More Slack-Wristed Holiday-Making

Before very long we were zipping up the main road on Stradbroke Island, marvelling (is too strong a word) at the green-ness of everything other than the grey-ness of the trees that had received a good seeing-to at the hands of last year's bushfires. The Island is made of sand, with a few rocks that seem to be made of compressed sand, so sand is commonplace; but still it is covered in thick forests of eucalyptus and other trees whose names don't immediately spring to mind.

We were making for Amity Point, a dainty little settlement at the North end of the Island where we were to meet our friends from around the corner for what was promised to be a week of adventure and life-changing experiences. I was always under the impression that one should under-promise and over-deliver. But there were going to be dolphins, and how can you resist a little anticipation at that.

So anyway we pitched up at the Camp site, all aflutter at what was to be on offer, and bugger me backwards if it wasn't actually a really nice little place. Tony and Debra had their little Tentopolis pitched out under the shade of a big shady tree, right in front of their own little private beach (which other people were inconsiderately using, but then I suppose it wasn't actually their private beach), literally a stone's throw away from their polyester palace.

Their tent, though quite modest for five, was fronted with a verandah which housed their kitchen and dining facilities as well as a fully-functional insect repelling infrastructure and observation deck, all under an expanse of tenty-stuff with poles surrounding like the Doric columns at the temple of Delphi. Behind them, sheltered from the elements by a gazebo, was the dominion of David and Monica (Tony's sister and an old friend) and their boy Jonas.

The small beach gave out onto a little cove, contained on the right by a rocky breakwater and on the right by a fallen tree which was inexplicably still alive; the waves were contained by a distant sandbar which made the sea as smooth as a lagoon, and shallow enough to walk out for fifty meters or so before the floor dropped away.

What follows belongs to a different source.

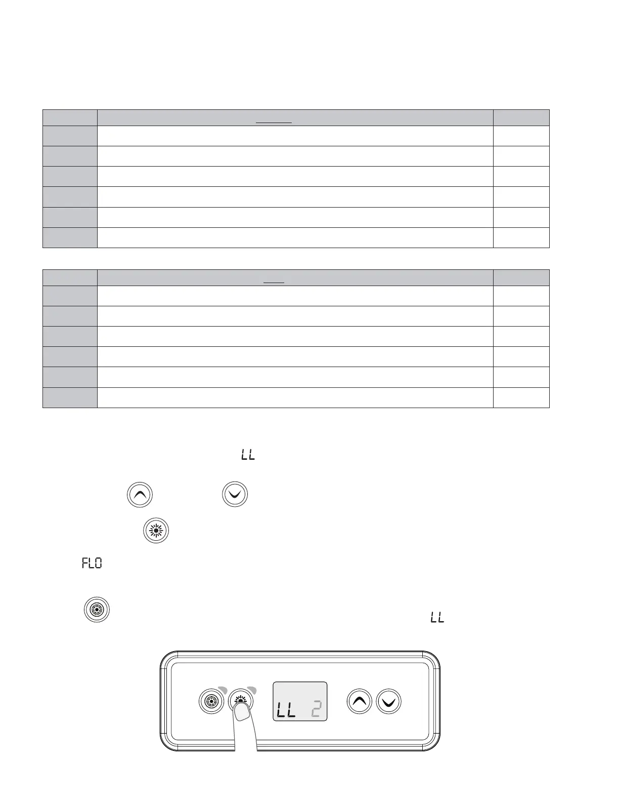 2. Use the Up Button or Down Button on the keypad to toggle to the appropriate Low-Level.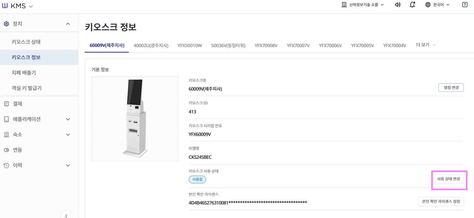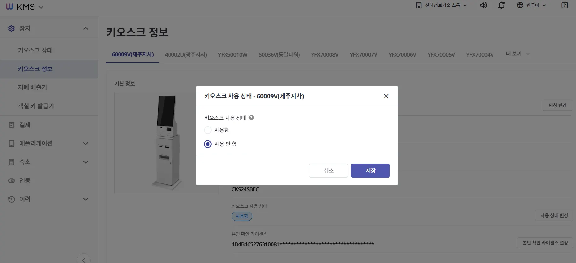 키오스크의 기본 정보 및 지원 장치 현황을 확인할 수 있습니다.

Children breathlessly told stories of how the sharks would get you if you ventured out any further than The Drop.

The water was crystal clear and as blue as a blue cheese isn't.

Under gathering cloud we drank a cup of coffee and watched the kids get themselves cooled off with a protracted swim stroke snorkel session.

Before going for a swim we decided it was probably let's-build-our-tent-o'clock and so we began to deploy Chez Gavin.

Soon it began to rain, and we were of course delighted by this, our mood lifted only by having chosen the rain-shadow of the shady big tree of shade to establish our small principality.

Before long we had completed our building work, and the rain obligingly moved on, so we could get changed out of our damp things into other things that would soon be wet, and went for a swim. The water was no longer as blue as it previously had been, but it was very warm and very nice. I floated on my back out near The Drop; Eloise screamed at me that I was liable to be eaten by a shark. Bless.

The mythical dolphins mythically beckoning us with their mythical fins all the time, somewhere just out of sight.